The numbers: Home prices in the 20 biggest U.S. metros set another record high, as the housing market suffers from a dearth of property listings.
But the pace of appreciation has slowed from the previous month, reflecting the toll of 7% mortgage rates and low inventory.
The S&P CoreLogic Case-Shiller 20-city house price index rose 0.4% in April compared to the previous month.
Home prices in the 20 major U.S. metro markets were up 7.2% in the last 12 months ending in April. That’s down from an increase of 7.5% the previous month.
A broader measure of home prices, the national index, rose 0.3% in April and was also up 6.3% over the past year. All numbers are seasonally adjusted.
The 20-city and the national index are at an all-time high.
Key details: San Diego posted the biggest year-over-year home-price gains in April. Prices were up 10.3%.
All 20 major markets reported yearly gains.
Home prices grew the slowest in Portland, by 1.7%.
Cities Change from last year
Atlanta 5.9%
Boston 7.9%
Charlotte 7.3%
Chicago 8.7%
Cleveland 8.5%
Dallas 3.4%
Denver 2%
Detroit 7.2%
Las Vegas 8.3%
Los Angeles 8.6%
Miami 8.2%
Minneapolis 2.9%
New York 9.4%
Phoenix 4.8%
Portland 1.7%
San Diego 10.3%
San Francisco 4.7%
Seattle 7.5%
Tampa 3.6%
Washington 6.4%
Composite-20 7.2%
A separate report from the Federal Housing Finance Agency also showed home prices rose 0.2% in April from the previous month, and were up 6.3% in the past year. Compared to last year, home prices were up the most in the New England and Middle Atlantic regions.

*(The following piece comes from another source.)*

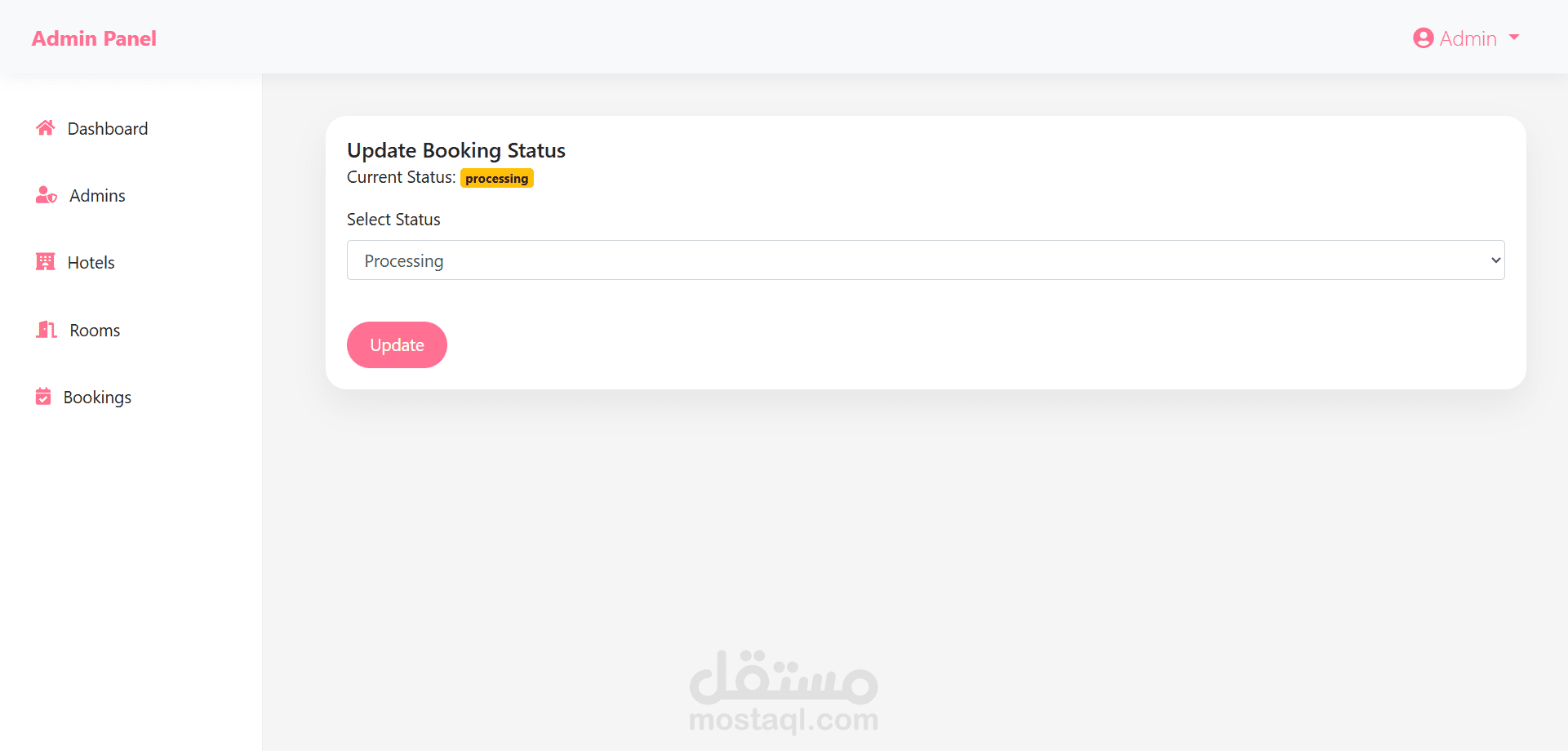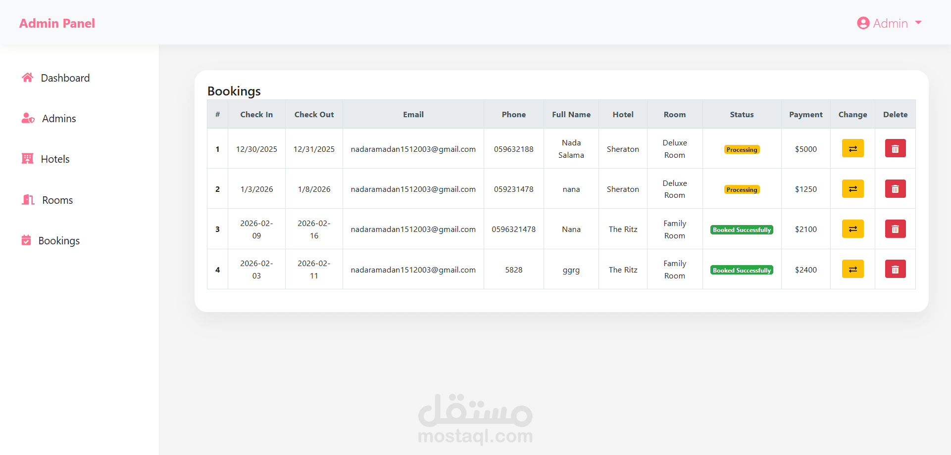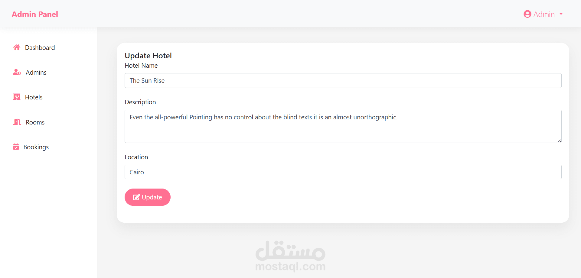 نظام إدارة فنادق حديث مبنيّ باستخدام Laravel، يتميز بلوحة تحكم إدارية متجاوبة تتيح لك إدارة الفنادق والغرف والحجوزات، والتعامل مع المستخدمين الإداريين، وتحديث حالات الحجوزات. يتضمن النظام عمليات CRUD للفنادق والغرف مع الصور والتفاصيل، ونظام مصادقة آمن، وواجهة مستخدم سلسة وسهلة الاستخدام، مما يجعله مثاليًا لمشاريع حجز الفنادق، ولوحات التحكم الإدارية، أو حلول إدارة الفنادق المخصصة.

The median price of a resale home was $407,600 April, and a newly built home was $433,500.
Big picture: Home price growth slowed slightly in April, but prices still remain stubbornly high. Until there is a dramatic increase in property listings, home prices are likely to keep rising, and straining affordability.
First-time home buyers in particular are at a disadvantage, as they not only grapple with high mortgage rates, rising home prices, but also lack a prior home to sell, raise proceeds, and buy another.
What S&P said: “2024 is closely tracking the strong start observed last year, where March and April posted the largest rise seen prior to a slowdown in the summer and fall,” Brian D. Luke, head of commodities, real estate and digital assets at S&P Dow Jones Indices, said in a statement.
And “heading into summer, the market is at an all-time high, once again testing its resilience against the historically more active time of the year,” he added.
But to be sure, looking at the 20-city index, several markets saw prices decelerate, Luke noted.